# our friend



## Sunbeam (Feb 24, 2009)

Our dear Friend Loy Deason AKA Shadslinger is undergoing surgery this morning. He is getting that old sore neck problem fixed. 
I'm sure he would appreciate your good thoughts and prayers while recovering.


----------



## Little Mac (Apr 29, 2015)

Keeping Loy in our thoughts & prayers & hoping for a speedy recovery. 


Sent from my iPhone using Tapatalk


----------



## Ducktracker (Aug 1, 2011)

Prayers are sent up for Loy and Susan.


Good fishing to all!


----------



## rglide09 (Mar 21, 2012)

Thoughts and prayers for Loy and Susan, get well soon friend.


----------



## teamfirstcast (Aug 23, 2006)

Rest easy Loy, we appreciate and enjoy your LL reports. Get well quick sir.

take care,

Rick


----------



## Whitebassfisher (May 4, 2007)

Interesting timing. About 30 minutes ago I remembered he was having surgery today, but before I saw this thread. SB I am glad you wrote this thread. Surgery around the spine is always a serious matter, and of course I wish Loy the best. On the other hand, I feel confident that the surgeons will help him out.


----------



## housewolf (Nov 24, 2014)

Here's hoping for a full and speedy recovery!

:cheers:


----------



## Pistol-Pete (Apr 13, 2015)

I have never known of a Master Fisherman who is more loved and admired by so many as Loy Deason. He is truly one fine gentleman and who has helped so many learn the art of fishing. My God give you His healing grace and a fast recovery.


----------



## McSpoon (May 18, 2016)

Praying for Loy and his family


----------



## katjim00 (Jan 8, 2009)

Speedy recovery SS


----------



## Ditto2 (Jul 19, 2016)

My thoughts are with Shadslinger. Hope he has a speedy recovery and see him on the water soon.


----------



## SeaOx 230C (Aug 12, 2005)

Lord go before them and guide the surgeons hands. Comfort our friend Loy heal his body. 

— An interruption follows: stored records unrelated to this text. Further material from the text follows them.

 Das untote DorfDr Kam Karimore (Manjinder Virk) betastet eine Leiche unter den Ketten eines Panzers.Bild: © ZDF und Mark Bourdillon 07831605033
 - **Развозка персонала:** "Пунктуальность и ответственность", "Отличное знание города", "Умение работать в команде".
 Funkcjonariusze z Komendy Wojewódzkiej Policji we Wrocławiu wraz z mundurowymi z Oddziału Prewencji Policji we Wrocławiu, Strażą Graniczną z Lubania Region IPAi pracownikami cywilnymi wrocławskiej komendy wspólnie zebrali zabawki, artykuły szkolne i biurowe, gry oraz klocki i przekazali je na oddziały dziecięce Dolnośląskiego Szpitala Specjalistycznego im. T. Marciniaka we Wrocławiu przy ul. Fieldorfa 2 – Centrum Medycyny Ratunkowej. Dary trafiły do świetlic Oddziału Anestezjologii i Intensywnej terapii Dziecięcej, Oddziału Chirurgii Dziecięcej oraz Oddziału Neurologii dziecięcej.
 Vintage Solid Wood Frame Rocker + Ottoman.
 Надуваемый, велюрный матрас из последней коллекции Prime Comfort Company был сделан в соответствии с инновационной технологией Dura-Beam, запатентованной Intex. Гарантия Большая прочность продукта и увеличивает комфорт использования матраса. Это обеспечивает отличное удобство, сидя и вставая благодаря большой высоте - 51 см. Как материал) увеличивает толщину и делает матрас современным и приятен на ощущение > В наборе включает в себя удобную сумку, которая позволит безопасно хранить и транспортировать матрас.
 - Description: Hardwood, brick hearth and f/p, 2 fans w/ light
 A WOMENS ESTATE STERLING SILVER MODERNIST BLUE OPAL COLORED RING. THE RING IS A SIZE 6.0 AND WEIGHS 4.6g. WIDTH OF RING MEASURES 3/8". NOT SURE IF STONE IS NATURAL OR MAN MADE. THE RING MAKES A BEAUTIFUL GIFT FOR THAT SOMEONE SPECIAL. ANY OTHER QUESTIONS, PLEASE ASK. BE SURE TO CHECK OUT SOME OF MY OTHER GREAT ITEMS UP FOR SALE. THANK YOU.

And Lord please help Susan have the patience and strength to keep Loy tied down so he can rest and recover. You know how hard it will be for him to not go fishing.


----------



## Reel Time (Oct 6, 2009)

I called Loy yesterday and offered him my prayers.
I asked him if Susan could could please update us periodically.


----------



## Dirt Daddy (Sep 11, 2004)

Get well soon Loy praying for a speedy recovery


----------



## denimdeerslayer (Feb 23, 2012)

Speedy recovery Loy and hope it fixes you.


----------



## RB II (Feb 26, 2009)

Prayers for a quick and complete recovery.


----------



## Rather-b-fishin (May 13, 2009)

Praying


----------



## Ducktracker (Aug 1, 2011)

Update: he was suppose to be in surgery for four hours but he just got out and Susan just was able to see him. He's doing ok.


Good fishing to all!


----------



## lx22f/c (Jun 19, 2009)

Praying for a speedy recovery 


Sent from my iPhone using Tapatalk


----------



## hopn (Jul 5, 2012)

I can always depend on Loy to find WB for my friends and I. Will definitely lift him up in prayer. He will be back stronger.


----------



## Whitebassfisher (May 4, 2007)

Ducktracker said:


> Update: he was suppose to be in surgery for four hours but he just got out and Susan just was able to see him. He's doing ok.
> 
> Good fishing to all!


Thanks Johnny! I didn't want to text and possibly bother him, and I didn't know Susan's number, so this is good to hear.


----------



## Chunknwind (Jul 28, 2015)

Prayers sent,Be patient and get completely well.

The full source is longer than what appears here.